As we know SQL Table is a relational database engine. but if you have a big data in one table the SQL Table is not applicable, because SQL query get big data is slow.
At this time you can choose Azure Table, the Azure Table query is so fast then SQL Table for big data, for example, in our website, someone subscribed many articles, we make the article as feed to user, every user have a copy of article title and description, so in the article table there are lots of data, if we use SQL Table, each query execution maybe take more than 30 seconds. But in Azure Table get users article feed by PartitionKey and RowKey is so fast.
From this example you may know how to choose between in SQL Table and Azure Table.
I wonder whether we are going to end up with some "vendor independent" cloud api libraries in due course?
I think that you have first to define what your application usage funnels are. Will your data model be subjected to frequent changes or it is a stable one? You have to be able to perform ultra fast inserts and reads are not so complicated? Do you need advance google like search? Storing BLOBS?

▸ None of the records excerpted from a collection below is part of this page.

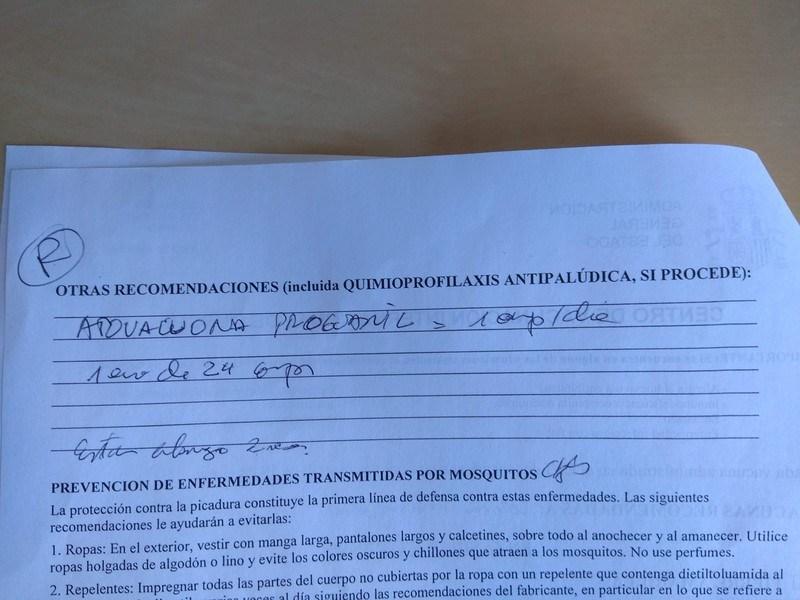 Paludismo o malaria (Proguanil): la caja trae 12 comprimidos y, como os tenéis que tomar 22 pastillas, os tienen que hacer dos recetas. Os tenéis que tomar una antes de iros de viaje, una al día durante al viaje, y otras siete (una al día durante siete días) a la vuelta. Es muy recomendable tomar los comprimidos con el estómago lleno, así que os aconsejo hacerlo durante el desayuno.
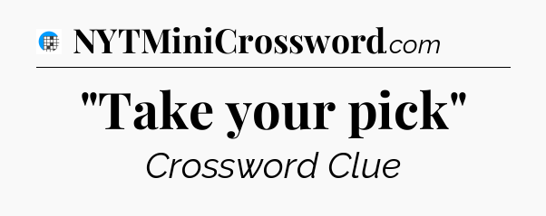 The clue “”Take your pick”” most recently appeared in a USA Today Crossword on April 29, 2025.
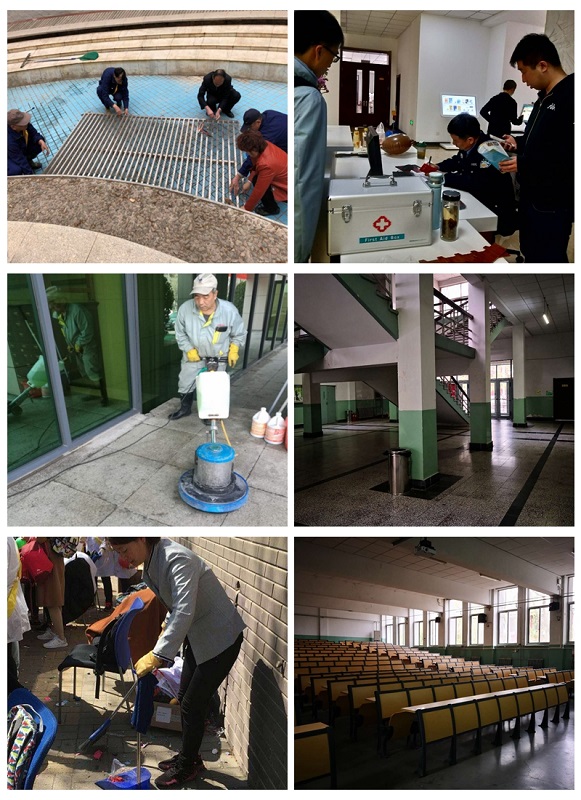辛勤物业强保障。后保部积极做好清洁工作,对校园喷泉池进行调试清刷,对重要活动场地如西阶教室、校史博物馆、24号楼药学院、16号楼地科院、25楼和26楼活动点等做了全方位的清洁打扫,逐楼逐层进行巡视检查,发现卫生不合格项,立即进行整改,确保卫生清洁无死角;活动当天保洁人员也坚守岗位,打扫地面,定时整理卫生间,确保为来宾提供舒适、干净整洁的环境。工作人员维护好秩序,做好多方保障。为保证活动顺利进行,物业提前配合有关单位做好活动现场布置等工作,及时检修各楼宇大厅及会议室内线路、调试多媒体设备等,保障水、电设施设备正常使用。活动当天,物业人坚持热情服务于每一位进场的校友及师生,维持现场秩序,引导参观者文明出入。由于天气炎热,服务大厅还配备了医药箱,以备不时之需。
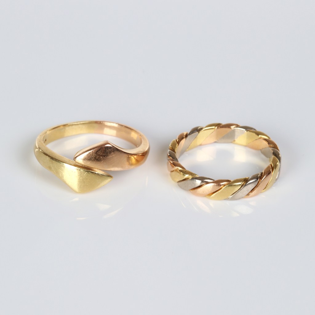 Flerfärgade ringar. Två ringar i flerfärgat guld, 18K guld. En stämplad Gustav Dahlgren & Co, Malmö 1982 och en med italienska kontrollstämplar. Vikt 10,9 gram. Utrop 4 600 kronor, sålda för 6 000 kronor hos Skånes auktionsverk i januari.
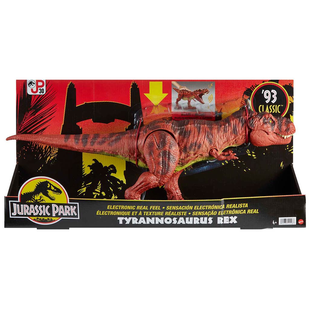 Gondoltad volna, hogy már 30 millió éve bukkantak fel kedvenc őshüllőink a Jurassic Parkban? A Jurassic Park T-Rex fenevad visszarepít az őslények világába, hogy a gyerekek újraélhessék kedvenc történeteiket vagy újakat találhassanak ki. A bestia puha bőre és mintázata az eredetit idézi, így még könnyebben újraélhetik a Jurassic Park fantasztikus varázsát. A T-Rex gombnyomásra félelmetes hangot ad és támadó mozdulatot végez. Rémisztő állkapcsával egyben képes lenyelni a kisebb dinókat, amiket később a hasából lehet kiszabadítani. További Jurassic Park készletekkel a gyerekek még izgalmasabb történeteket játszhatnak el. 4 éves kortól ajánljuk.
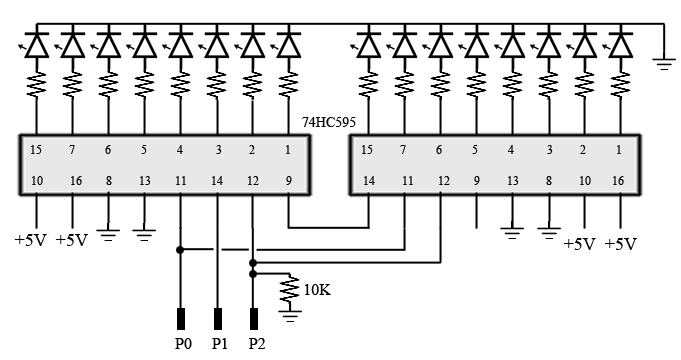 Now, the elevator I created needed more LEDs than a small controller could handle. So, I did two things. I went to the PROP-2 which has more outputs. I could have hooked things up exactly as I showed above with the 5-light example only using OUT0 thru OUT9. However, as is goes, PROP-2 uses a better processor which let me use a 74HC595 chip. Now things are getting a bit more complicated (though still relatively easy) but a pair of 74HC595 chips can let you control up to 16 LEDs independently using only three pins. If you don't want to do a bunch of soldering, just ignore this step. However, this is what I did as a total novice. Buy two 74HC595 chips (Jameco.com for about $0.50 each) and make yourself the following circuit board:
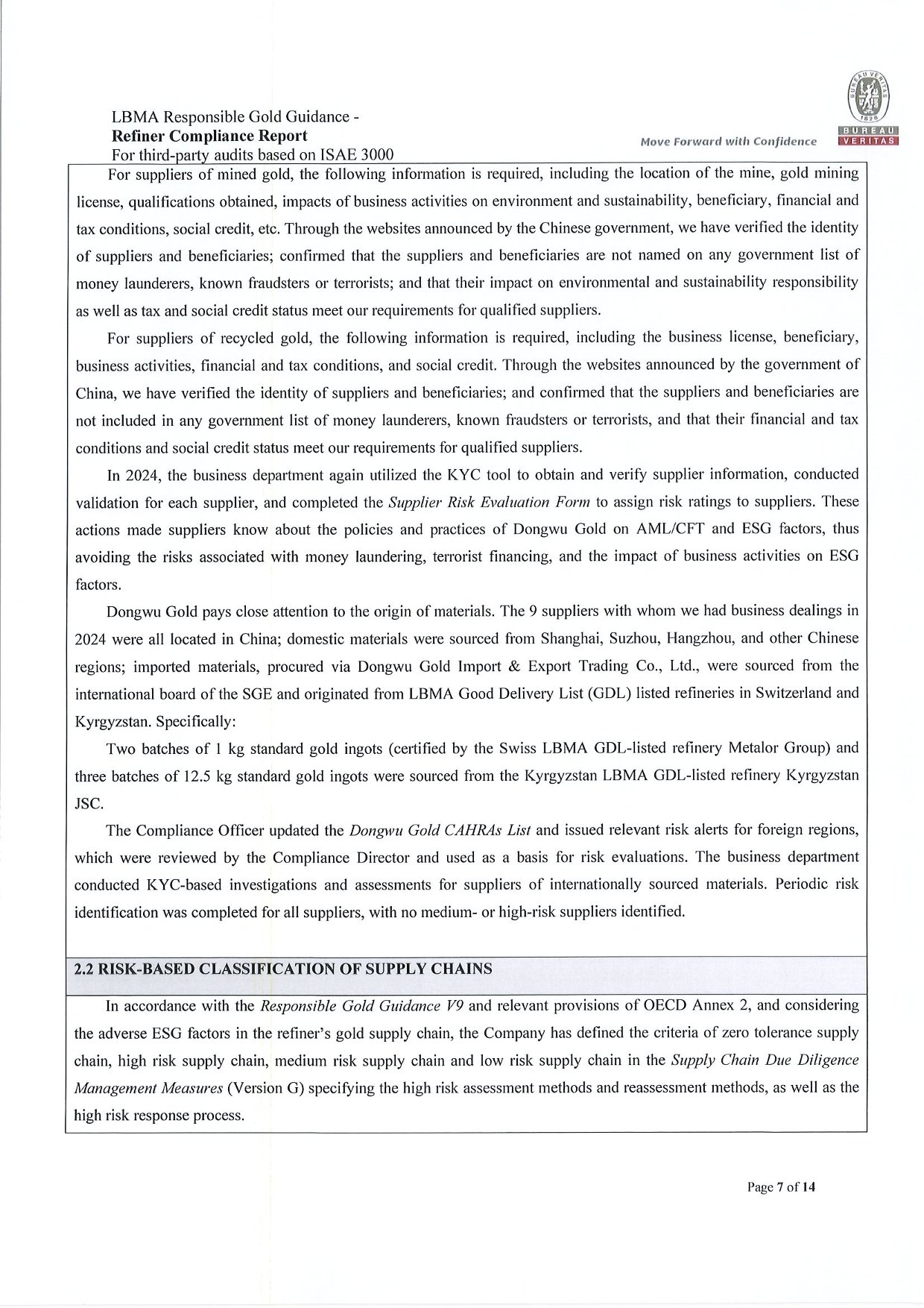 Dongwu Gold Refiner Compliance Report 2024
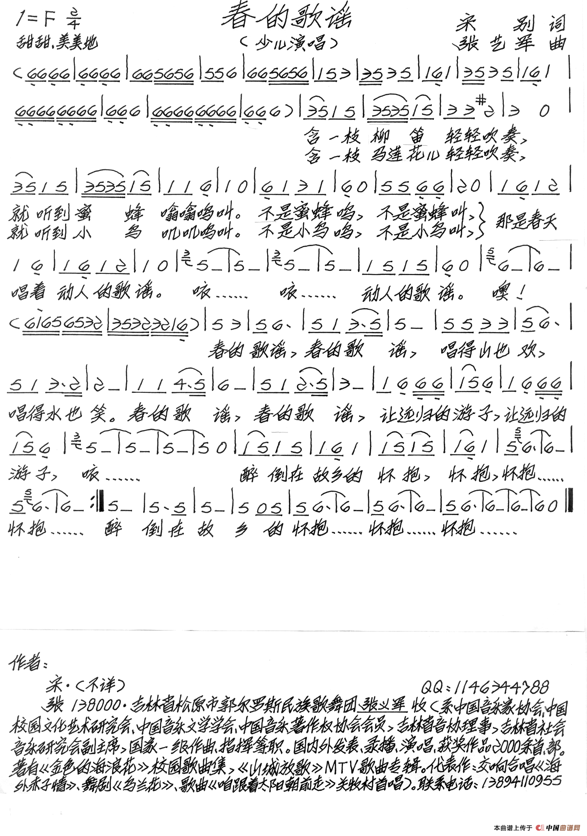 致谢:《中国曲谱网》衷心感谢作者老师馈赠原版歌谱!
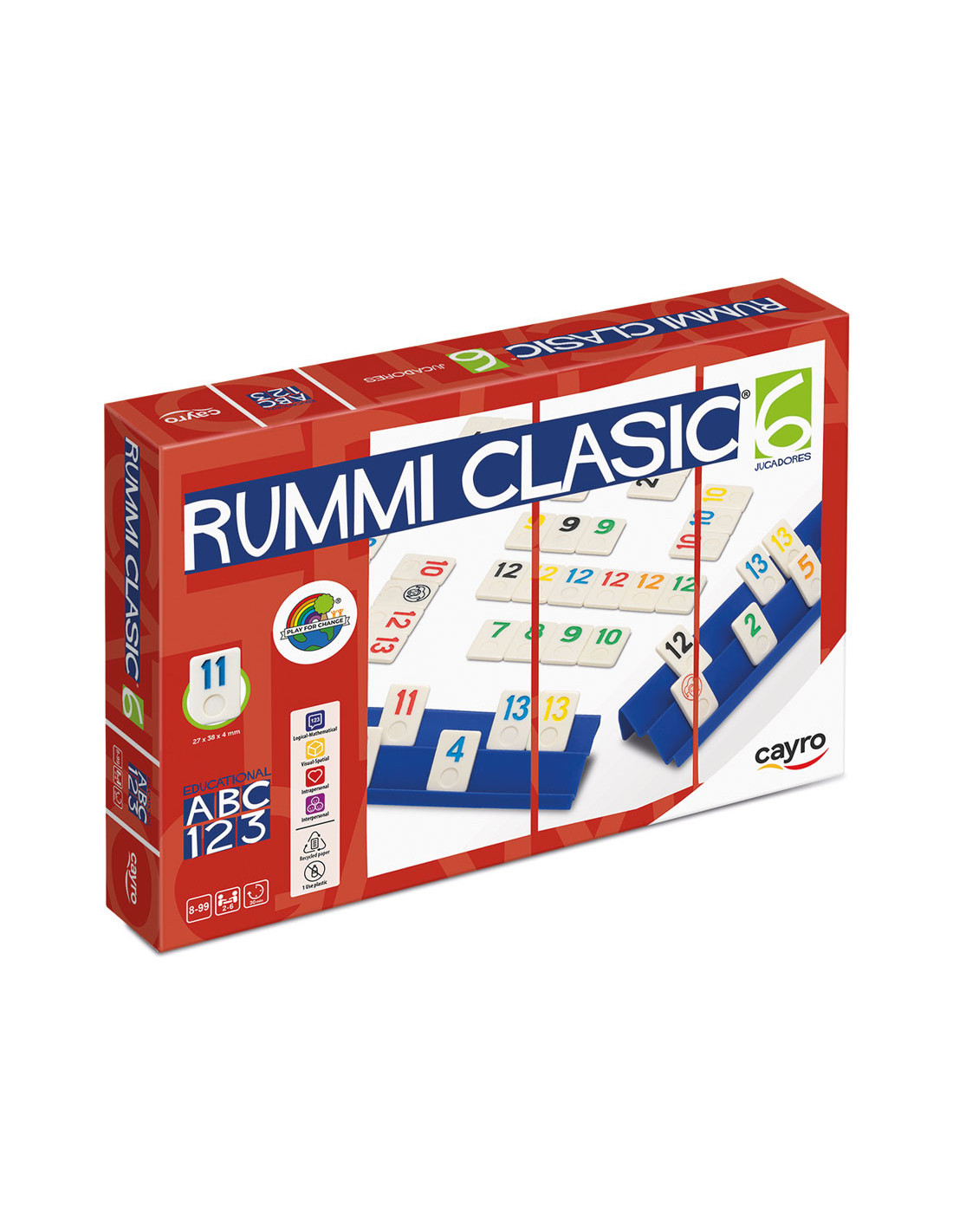 El RummiClàssic és un joc numèric que posa a prova la capacitat de pensar, anticipar moviments i reorganitzar combinacions sobre la taula. Aquesta versió permet jugar fins a 6 persones, fet que el converteix en una proposta adequada per a trobades familiars i grups grans.

Those are the questions (and not only) that you have to ask and answer yourself in order to decide if you are more likely going to use NoSql or SQL approach in storing your data.
Please consider that both approaches can easily coexist and can be extended with BLOB storage as well.
Both Azure Tables and SQL Azure are two different beasts.Both are meant for different scenarios, one con to azure table is that you cannot move from azure to any other platform, unless you write providers in your code that can handle such shifts.